* [Task to carry out]
From the line containing "Entrez dans la" to the line containing "Panurge en philosophe." in the records below, set down every line exactly as it stands, both ends included, and skip the pictures.
### Materials provided ###
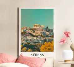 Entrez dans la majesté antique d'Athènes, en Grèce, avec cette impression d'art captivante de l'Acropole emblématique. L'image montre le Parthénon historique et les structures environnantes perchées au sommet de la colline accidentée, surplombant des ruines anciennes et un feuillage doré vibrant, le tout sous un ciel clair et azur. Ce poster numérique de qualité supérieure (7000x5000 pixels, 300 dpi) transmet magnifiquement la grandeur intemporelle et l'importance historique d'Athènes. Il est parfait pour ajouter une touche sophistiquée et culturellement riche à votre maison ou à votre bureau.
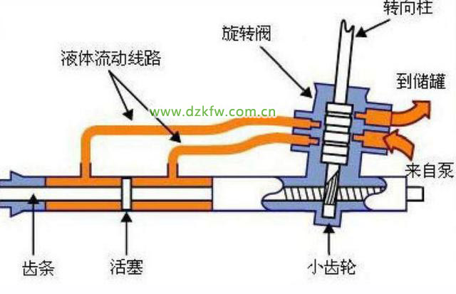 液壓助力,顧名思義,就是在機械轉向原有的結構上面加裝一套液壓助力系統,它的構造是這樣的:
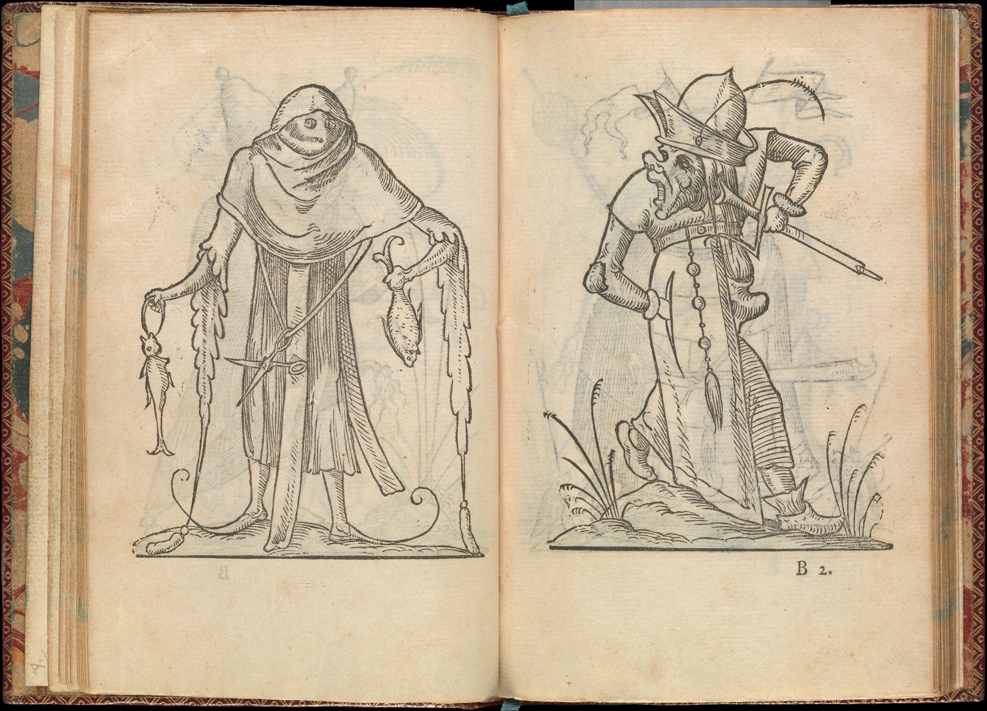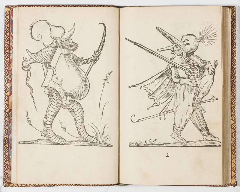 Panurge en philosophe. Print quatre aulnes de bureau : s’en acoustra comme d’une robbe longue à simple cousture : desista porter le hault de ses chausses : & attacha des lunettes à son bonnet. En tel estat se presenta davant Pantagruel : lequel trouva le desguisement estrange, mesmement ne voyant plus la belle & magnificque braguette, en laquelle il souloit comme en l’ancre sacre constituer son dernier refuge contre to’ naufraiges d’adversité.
###
### Materials provided ###
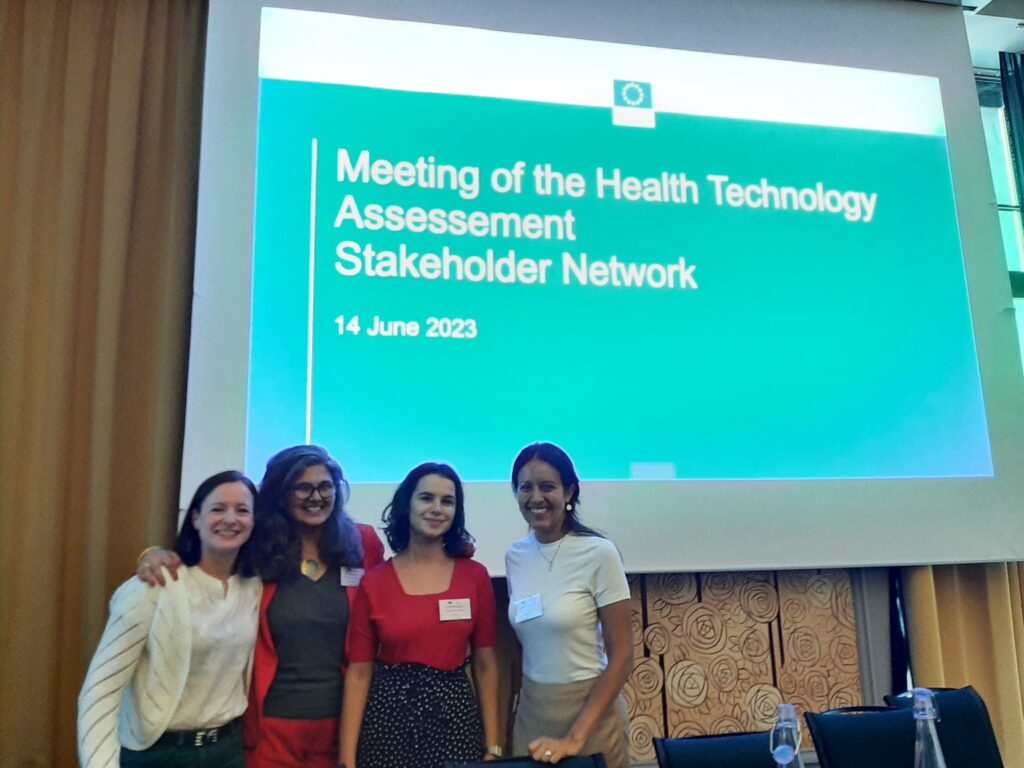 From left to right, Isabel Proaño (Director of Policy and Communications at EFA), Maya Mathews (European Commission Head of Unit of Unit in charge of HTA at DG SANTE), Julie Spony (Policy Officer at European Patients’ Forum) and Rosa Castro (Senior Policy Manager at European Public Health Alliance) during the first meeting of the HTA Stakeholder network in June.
###
* [Reply to the task]
 Entrez dans la majesté antique d'Athènes, en Grèce, avec cette impression d'art captivante de l'Acropole emblématique. L'image montre le Parthénon historique et les structures environnantes perchées au sommet de la colline accidentée, surplombant des ruines anciennes et un feuillage doré vibrant, le tout sous un ciel clair et azur. Ce poster numérique de qualité supérieure (7000x5000 pixels, 300 dpi) transmet magnifiquement la grandeur intemporelle et l'importance historique d'Athènes. Il est parfait pour ajouter une touche sophistiquée et culturellement riche à votre maison ou à votre bureau.
 液壓助力,顧名思義,就是在機械轉向原有的結構上面加裝一套液壓助力系統,它的構造是這樣的:
 Panurge en philosophe. Print quatre aulnes de bureau : s’en acoustra comme d’une robbe longue à simple cousture : desista porter le hault de ses chausses : & attacha des lunettes à son bonnet. En tel estat se presenta davant Pantagruel : lequel trouva le desguisement estrange, mesmement ne voyant plus la belle & magnificque braguette, en laquelle il souloit comme en l’ancre sacre constituer son dernier refuge contre to’ naufraiges d’adversité.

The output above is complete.